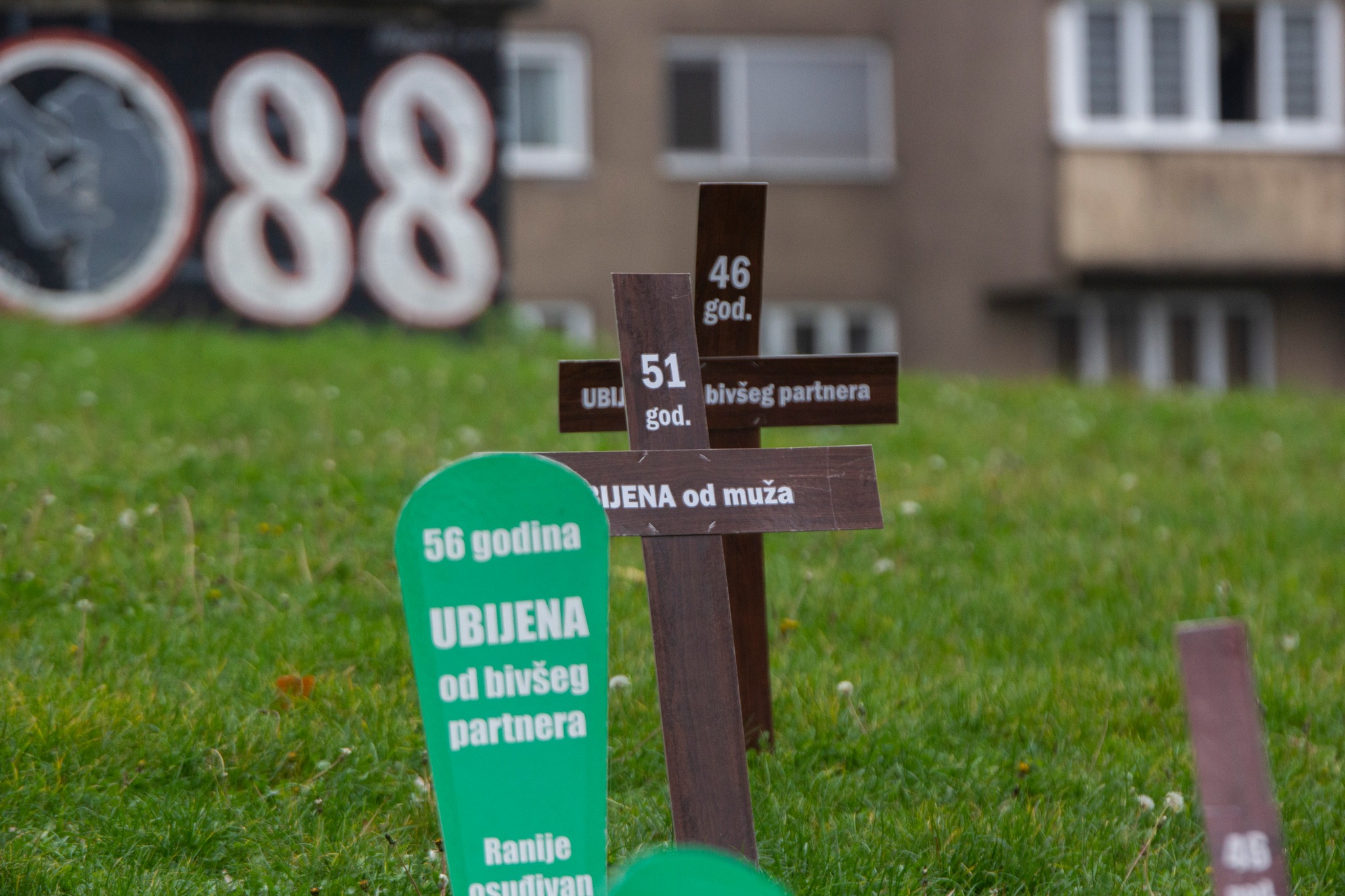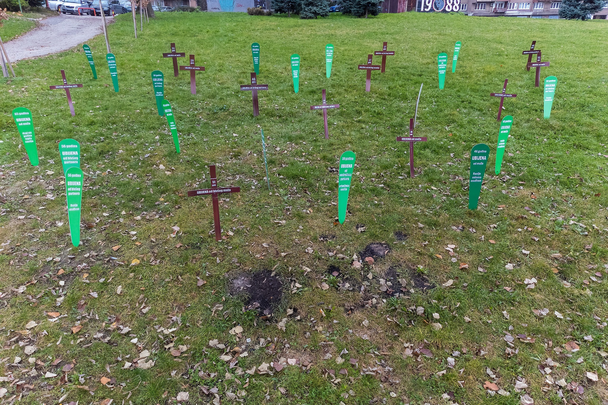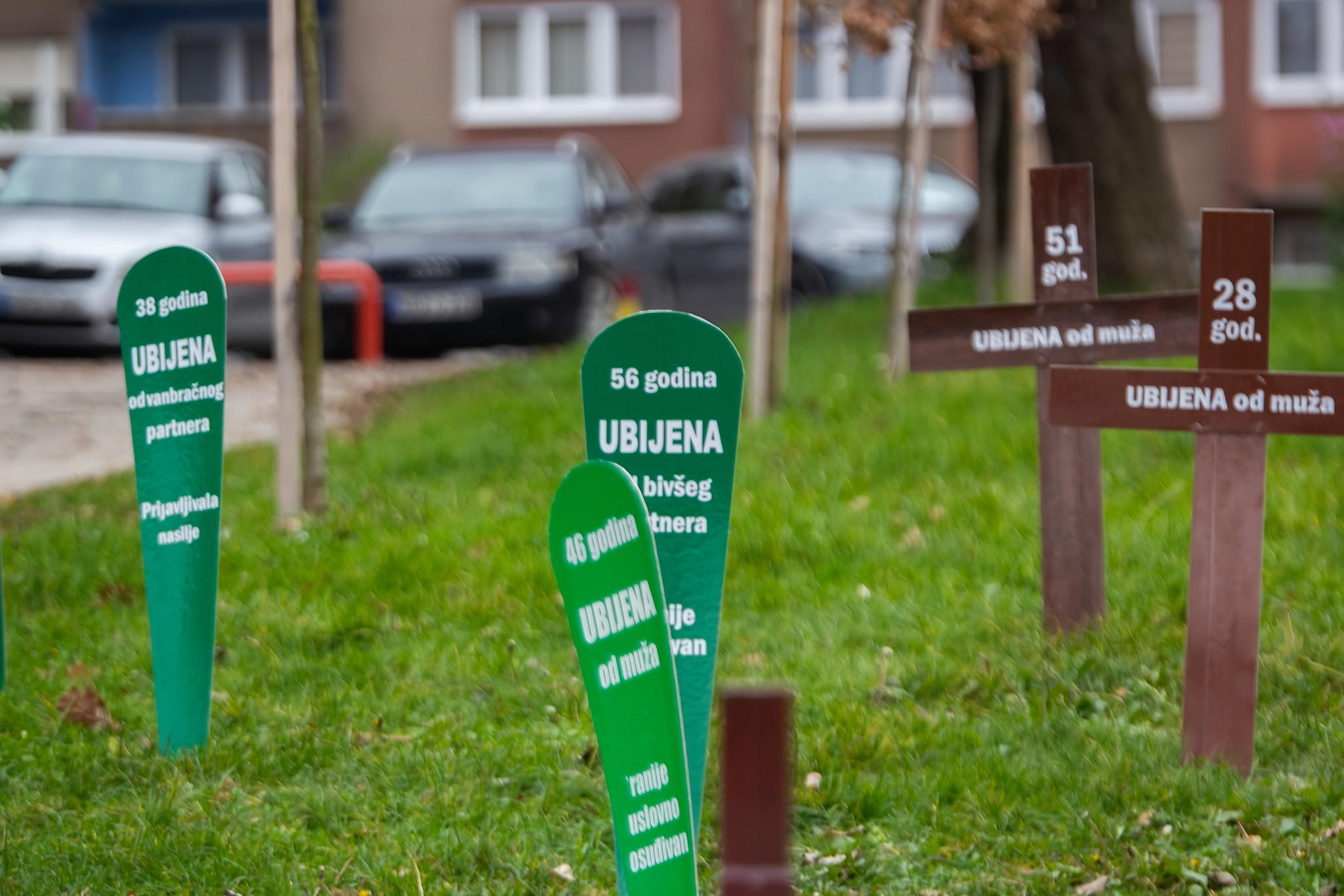 U centru Zenice aktivistice Centra ženskih prava postavile su “groblje femicida”, želeći “vrištećom šutnjom” upozoriti na problem femicida i pravdanja ubistava žena.
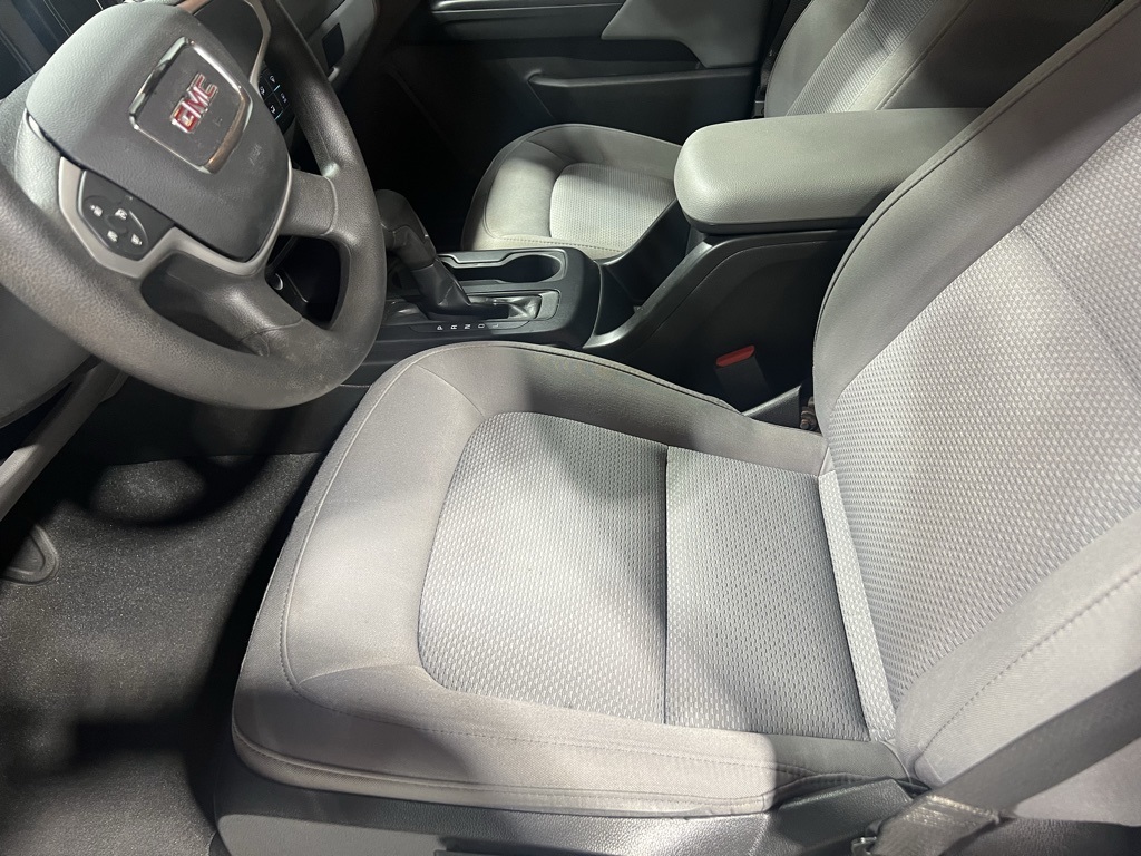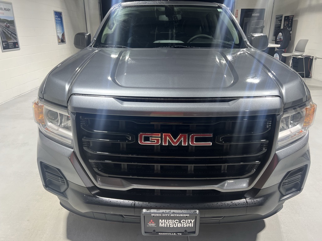 Satin Steel Metallic 2021 Clean CARFAX. GMC Canyon Elevation Standard RWD 6-Speed Automatic 2.5L I4 DI DOHC VVT 4-Wheel Disc Brakes, 4.10 Rear Axle Ratio, 4G LTE Wi-Fi Hotspot Capable, 6 Speakers, 6-Speaker Audio System Feature, ABS brakes, Air Conditioning, Alloy wheels, AM/FM radio: SiriusXM, Apple CarPlay/Android Auto, Automatic Locking Rear Differential, Bumpers: body-color, Convenience Package, Delay-off headlights, Driver 4-Way Power Seat Adjuster, Driver door bin, Dual front impact airbags, Dual front side impact airbags, Electronic Automatic Cruise Control, Electronic Stability Control, Exterior Parking Camera Rear, EZ-Lift & Lower Tailgate, Front anti-roll bar, Front Bucket Seats, Front Center Armrest, Front License Plate Kit, Front wheel independent suspension, Fully automatic headlights, GMC Connected Access Capable, Low tire pressure warning, Occupant sensing airbag, OnStar & GMC Connected Services Capable, Overhead airbag, Passenger door bin, Passenger vanity mirror, Power driver seat, Power steering, Power windows, Preferred Equipment Group 2VL, Premium audio system: GMC Infotainment System, Radio data system, Radio: AM/FM w/7" Diagonal Color Touch-Screen, Rear seat center armrest, Rear step bumper, Rear-Window Electric Defogger, Remote Keyless Entry, Remote Locking Tailgate, SiriusXM Radio, Speed-sensing steering, Tachometer, Tilt steering wheel, Traction control, Trip computer, Unauthorized Entry Theft-Deterrent System, Variably intermittent wipers, Vinyl Seat Trim, Wheel Locks (Set of 4) (LPO), Wheels: 18" x 8.5" Black Painted Aluminum.
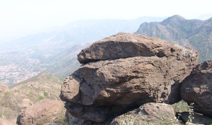 摩訶山峻峰雄峙,大壑深澗,巨石危巖,奇險(xiǎn)莫測(cè)。頂峰聳入云中,舊曾建有塔和禪院,皆失無(wú)考,僅存遺址石墻,尚能勾起人們對(duì)其原貌的想象。據(jù)傳山頂寺中,原有一小和尚,腦力遲鈍,數(shù)日僅學(xué)“摩訶”二字。冬天,和尚們下山募化,僅留其守寺,不留食物,待月余歸,但見(jiàn)小和尚仍面色紅潤(rùn),問(wèn)其,則曰:口不絕吟“摩訶”,饑則煮石,食之甘美。“摩訶”山名即由此而得。
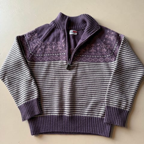 Pent brukt av enebarn og kun vasket på ullprogram m ullvaskemiddel. Ingen nupper, flekker eller hull og fremstår veldig fin.
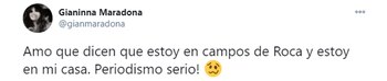 Por otra parte, unos minutos antes de publicar este tweet, la hija de Claudia Villafañe hizo otro descargo en esa misma red social. “Amo que dicen que estoy en campos de Roca y estoy en mi casa. Periodismo serio!”, escribió. El lugar al que hace referencia es el country donde residía su padre en Brandsen, justo donde quedó estacionado uno de los autos de alta gama que tenía el campeón del mundial 86, un BMW M4 coupé que el ex DT de Gimnasia usaba para llegar a los entrenamientos. Cabe destacar que ayer se inició la entrega de bienes de la colección de lujo de su padre, que incluye siete vehículos y una moto que fueron llevados en grúas hasta la puerta del estudio de Sebastián Baglietto, administrador de la herencia. Al parecer, la intención de ese tweet era desmentir su presencia en ese lugar. El jueves comenzó el traspaso formal de los bienes a manos de Baglietto, quien se reunió Mauricio D’Alessandro, abogado de Matías Morla, último apoderado del ex capitán del seleccionado albiceleste. Y ayer por la mañana el letrado tuvo un cara a cara con la jueza.
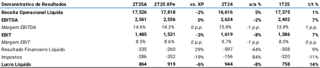A Gerdau divulgou resultados em linha com as nossas expectativas, com EBITDA ajustado de R$2,7 bilhões (+7% T/T), refletindo um desempenho sólido na América do Norte, parcialmente compensado por uma performance mais fraca no Brasil. Destacamos: (i) desempenho robusto na divisão da América do Norte, com maiores volumes de vendas (+2% T/T) e preços (+5% T/T em USD), além de uma carteira sólida (encerrando o trimestre com ~70 dias), indicando demanda firme à frente; (ii) desempenho mais fraco na divisão Brasil, refletindo menores preços domésticos e maior custo por tonelada (+7% T/T), principalmente devido à parada de manutenção na usina de Ouro Branco (ainda em ramp-up); (iii) fluxo de caixa livre (FCF) negativo de R$0,8 bilhão, devido a compromissos elevados de capex e aumento nos pagamentos de juros e impostos no trimestre. Por fim, a Gerdau anunciou dividendos de R$0,12/ação (dividend yield anualizado de 2,8%), com pagamento a partir de 12 de agosto. Reiteramos nossa recomendação de compra para Gerdau, com upside assimétrico em FCF e valuation (mais detalhes aqui).
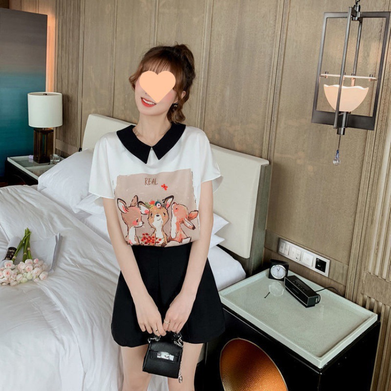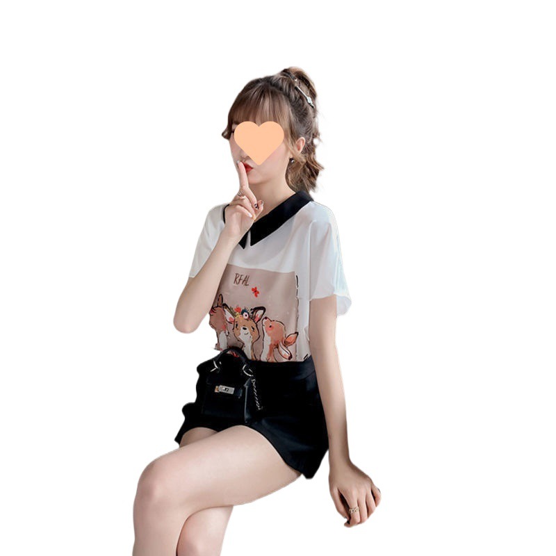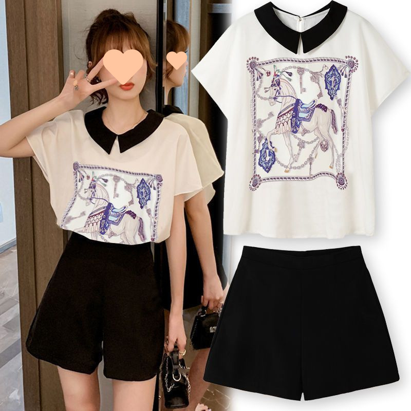 | nameOriginal | Fashion suit Women's New Loose Batwing Sleeve Chiffon Shirt Plus Shorts Two-piece suit Girl Student's Western Style Small Shirt |
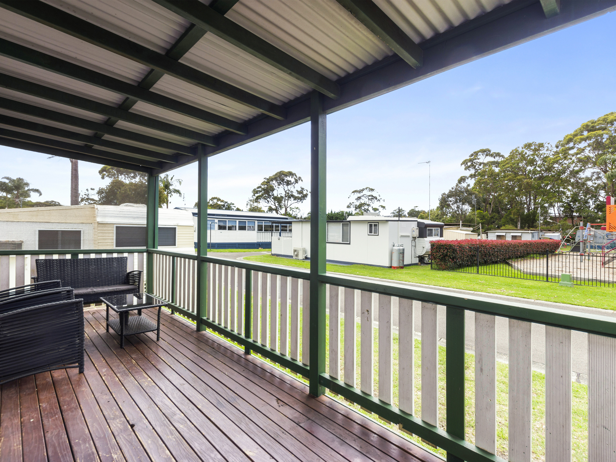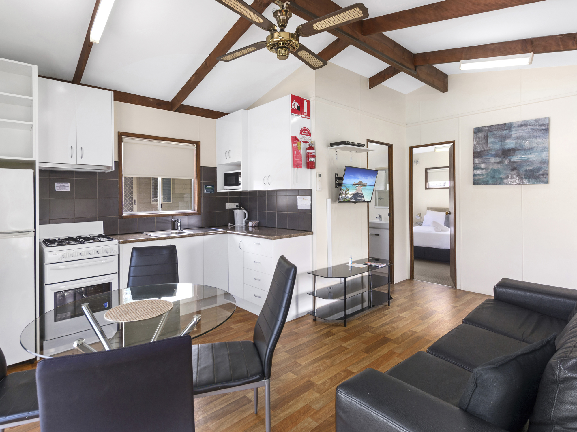 Enjoy the convenience of a full kitchen with gas oven, microwave and full-size fridge, plus a private bathroom. The open-plan living area flows to a private deck with outdoor dining, ideal for relaxed coastal stays. Includes TV, fan, and linen.

* _DIRECTIONS_: Please return the whole listing exactly. Do not copy its images.

* _RESULT OF THE TASK_:
 U centru Zenice aktivistice Centra ženskih prava postavile su “groblje femicida”, želeći “vrištećom šutnjom” upozoriti na problem femicida i pravdanja ubistava žena.
 Satin Steel Metallic 2021 Clean CARFAX. GMC Canyon Elevation Standard RWD 6-Speed Automatic 2.5L I4 DI DOHC VVT 4-Wheel Disc Brakes, 4.10 Rear Axle Ratio, 4G LTE Wi-Fi Hotspot Capable, 6 Speakers, 6-Speaker Audio System Feature, ABS brakes, Air Conditioning, Alloy wheels, AM/FM radio: SiriusXM, Apple CarPlay/Android Auto, Automatic Locking Rear Differential, Bumpers: body-color, Convenience Package, Delay-off headlights, Driver 4-Way Power Seat Adjuster, Driver door bin, Dual front impact airbags, Dual front side impact airbags, Electronic Automatic Cruise Control, Electronic Stability Control, Exterior Parking Camera Rear, EZ-Lift & Lower Tailgate, Front anti-roll bar, Front Bucket Seats, Front Center Armrest, Front License Plate Kit, Front wheel independent suspension, Fully automatic headlights, GMC Connected Access Capable, Low tire pressure warning, Occupant sensing airbag, OnStar & GMC Connected Services Capable, Overhead airbag, Passenger door bin, Passenger vanity mirror, Power driver seat, Power steering, Power windows, Preferred Equipment Group 2VL, Premium audio system: GMC Infotainment System, Radio data system, Radio: AM/FM w/7" Diagonal Color Touch-Screen, Rear seat center armrest, Rear step bumper, Rear-Window Electric Defogger, Remote Keyless Entry, Remote Locking Tailgate, SiriusXM Radio, Speed-sensing steering, Tachometer, Tilt steering wheel, Traction control, Trip computer, Unauthorized Entry Theft-Deterrent System, Variably intermittent wipers, Vinyl Seat Trim, Wheel Locks (Set of 4) (LPO), Wheels: 18" x 8.5" Black Painted Aluminum.
 摩訶山峻峰雄峙,大壑深澗,巨石危巖,奇險(xiǎn)莫測(cè)。頂峰聳入云中,舊曾建有塔和禪院,皆失無(wú)考,僅存遺址石墻,尚能勾起人們對(duì)其原貌的想象。據(jù)傳山頂寺中,原有一小和尚,腦力遲鈍,數(shù)日僅學(xué)“摩訶”二字。冬天,和尚們下山募化,僅留其守寺,不留食物,待月余歸,但見(jiàn)小和尚仍面色紅潤(rùn),問(wèn)其,則曰:口不絕吟“摩訶”,饑則煮石,食之甘美。“摩訶”山名即由此而得。
 Pent brukt av enebarn og kun vasket på ullprogram m ullvaskemiddel. Ingen nupper, flekker eller hull og fremstår veldig fin.
 Por otra parte, unos minutos antes de publicar este tweet, la hija de Claudia Villafañe hizo otro descargo en esa misma red social. “Amo que dicen que estoy en campos de Roca y estoy en mi casa. Periodismo serio!”, escribió. El lugar al que hace referencia es el country donde residía su padre en Brandsen, justo donde quedó estacionado uno de los autos de alta gama que tenía el campeón del mundial 86, un BMW M4 coupé que el ex DT de Gimnasia usaba para llegar a los entrenamientos. Cabe destacar que ayer se inició la entrega de bienes de la colección de lujo de su padre, que incluye siete vehículos y una moto que fueron llevados en grúas hasta la puerta del estudio de Sebastián Baglietto, administrador de la herencia. Al parecer, la intención de ese tweet era desmentir su presencia en ese lugar. El jueves comenzó el traspaso formal de los bienes a manos de Baglietto, quien se reunió Mauricio D’Alessandro, abogado de Matías Morla, último apoderado del ex capitán del seleccionado albiceleste. Y ayer por la mañana el letrado tuvo un cara a cara con la jueza.
A Gerdau divulgou resultados em linha com as nossas expectativas, com EBITDA ajustado de R$2,7 bilhões (+7% T/T), refletindo um desempenho sólido na América do Norte, parcialmente compensado por uma performance mais fraca no Brasil. Destacamos: (i) desempenho robusto na divisão da América do Norte, com maiores volumes de vendas (+2% T/T) e preços (+5% T/T em USD), além de uma carteira sólida (encerrando o trimestre com ~70 dias), indicando demanda firme à frente; (ii) desempenho mais fraco na divisão Brasil, refletindo menores preços domésticos e maior custo por tonelada (+7% T/T), principalmente devido à parada de manutenção na usina de Ouro Branco (ainda em ramp-up); (iii) fluxo de caixa livre (FCF) negativo de R$0,8 bilhão, devido a compromissos elevados de capex e aumento nos pagamentos de juros e impostos no trimestre. Por fim, a Gerdau anunciou dividendos de R$0,12/ação (dividend yield anualizado de 2,8%), com pagamento a partir de 12 de agosto. Reiteramos nossa recomendação de compra para Gerdau, com upside assimétrico em FCF e valuation (mais detalhes aqui).
 | nameOriginal | Fashion suit Women's New Loose Batwing Sleeve Chiffon Shirt Plus Shorts Two-piece suit Girl Student's Western Style Small Shirt |
 Enjoy the convenience of a full kitchen with gas oven, microwave and full-size fridge, plus a private bathroom. The open-plan living area flows to a private deck with outdoor dining, ideal for relaxed coastal stays. Includes TV, fan, and linen.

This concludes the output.